(DATA)
*** Block opens ***

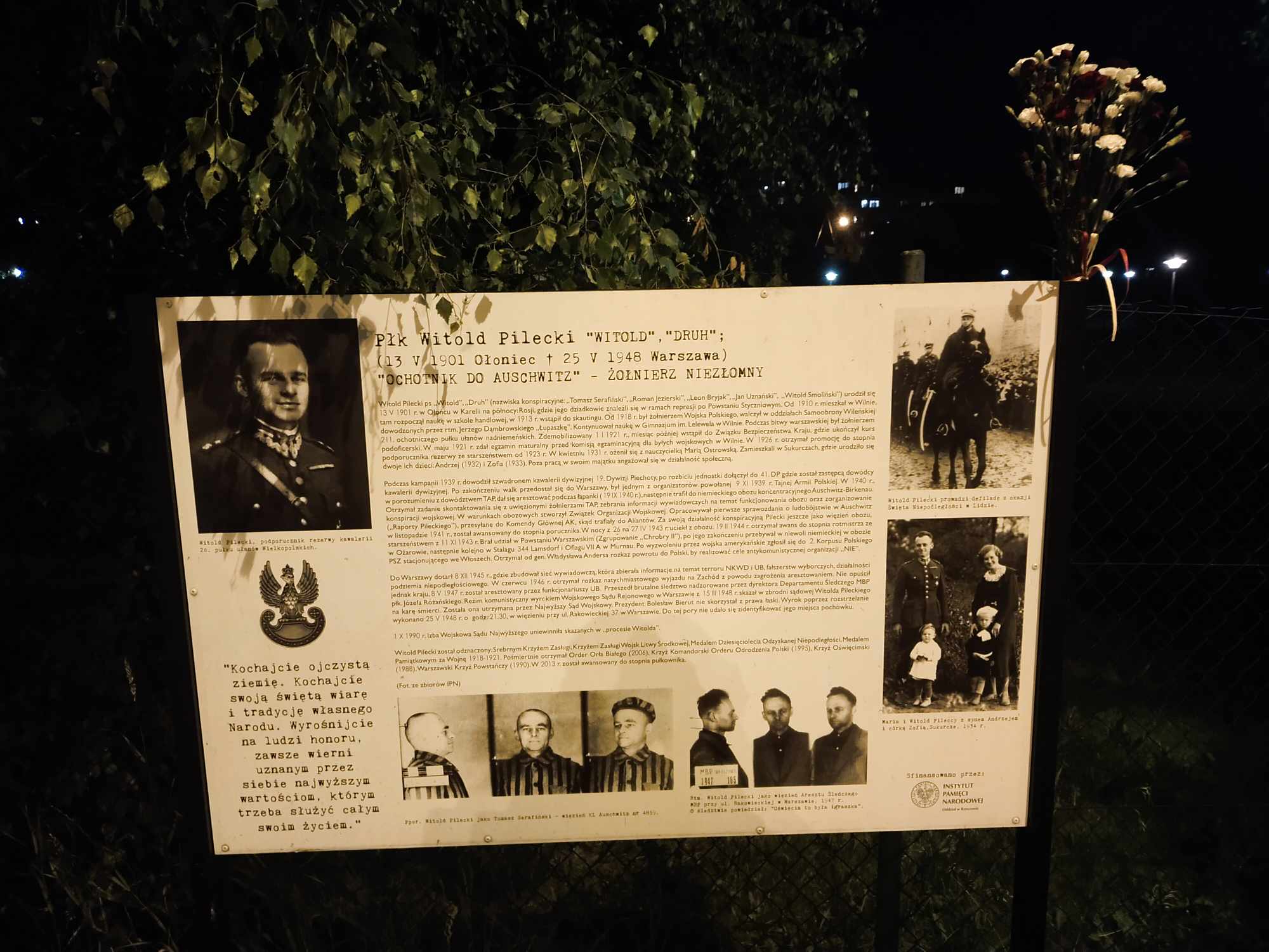 W godzinie śmierci Rotmistrza oddaliśmy mu hołd w miejscu jego kaźni – dawnym więzieniu mokotowskim, gdzie obecnie funkcjonuje Muzeum Żołnierzy Wyklętych i Więźniów Politycznych PRL. Głównym punktem obchodów były wieczorne uroczystości przy Ścianie Śmierci, w jednym z miejsc, w którym w latach stalinizmu komunistyczni oprawcy rozstrzeliwali swe ofiary. Rotmistrza uczcili m.in. jego córka Zofia Pilecka-Optułowicz i zastępca prezesa Instytutu Pamięci Narodowej dr hab. Krzysztof Szwagrzyk.
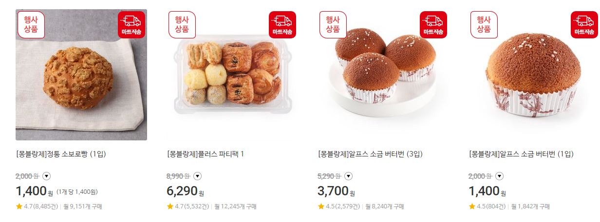 할인 품목 : 단팥빵, 슈크림빵, 버터번 등
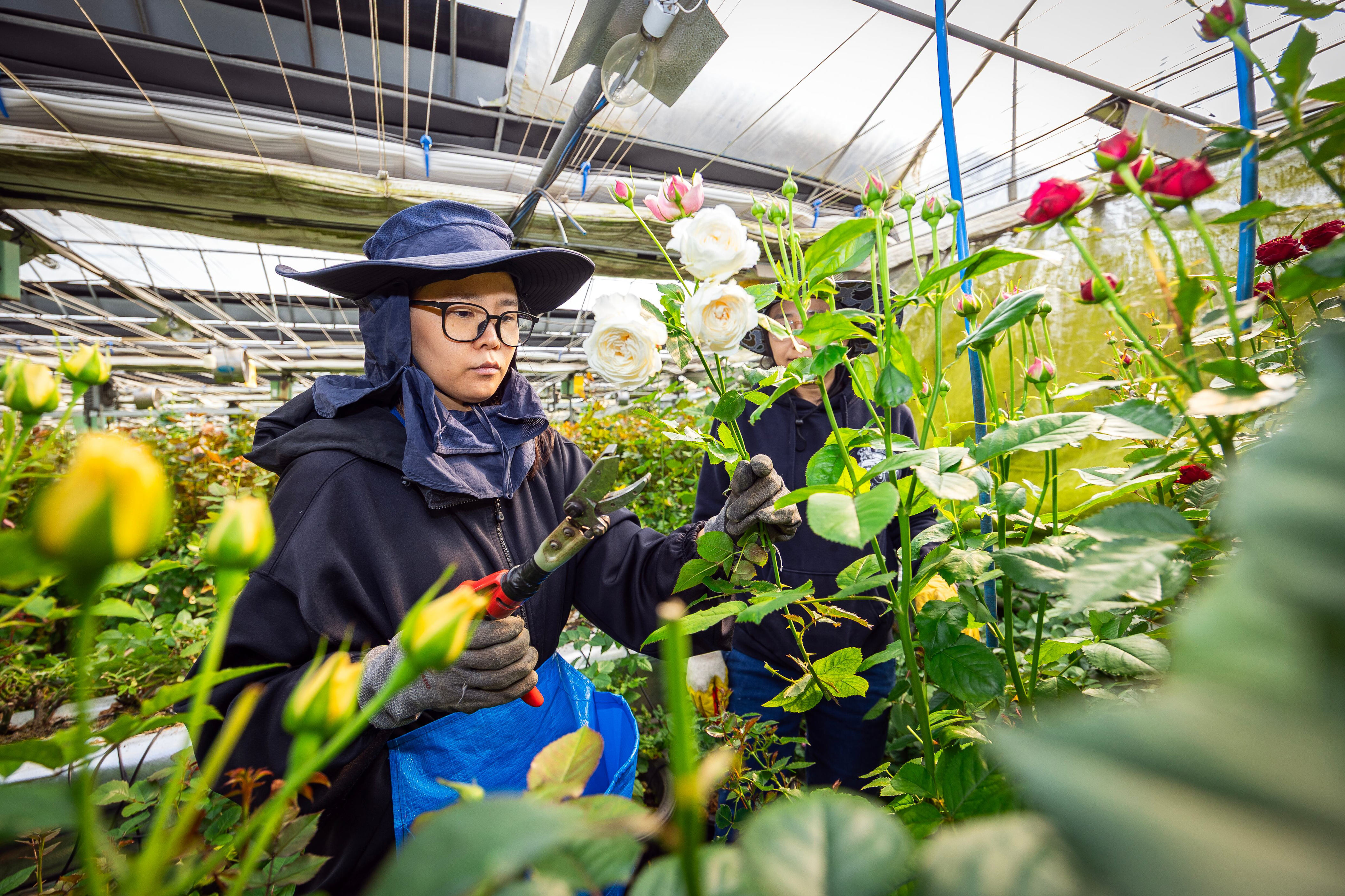 “Positioning is crucial. It influences the next flower stem,” he said. A worker’s expertise is evident here. Thicker stems command better prices as they absorb water and nutrients more effectively. Cutting too high leads to thin, fragile stems; cutting too low slows down new growth. Depending on the season, it takes 35–60 days for the same stem to produce another bloom.

*** Block closes ***

Please restate, word for word, the lines from the one with "할인 품목 : 단팥빵, 슈크림빵, 버터번 등" through the final line of the material, both included, and omit the pictures.

(RESPONSE AREA)
 할인 품목 : 단팥빵, 슈크림빵, 버터번 등
 “Positioning is crucial. It influences the next flower stem,” he said. A worker’s expertise is evident here. Thicker stems command better prices as they absorb water and nutrients more effectively. Cutting too high leads to thin, fragile stems; cutting too low slows down new growth. Depending on the season, it takes 35–60 days for the same stem to produce another bloom.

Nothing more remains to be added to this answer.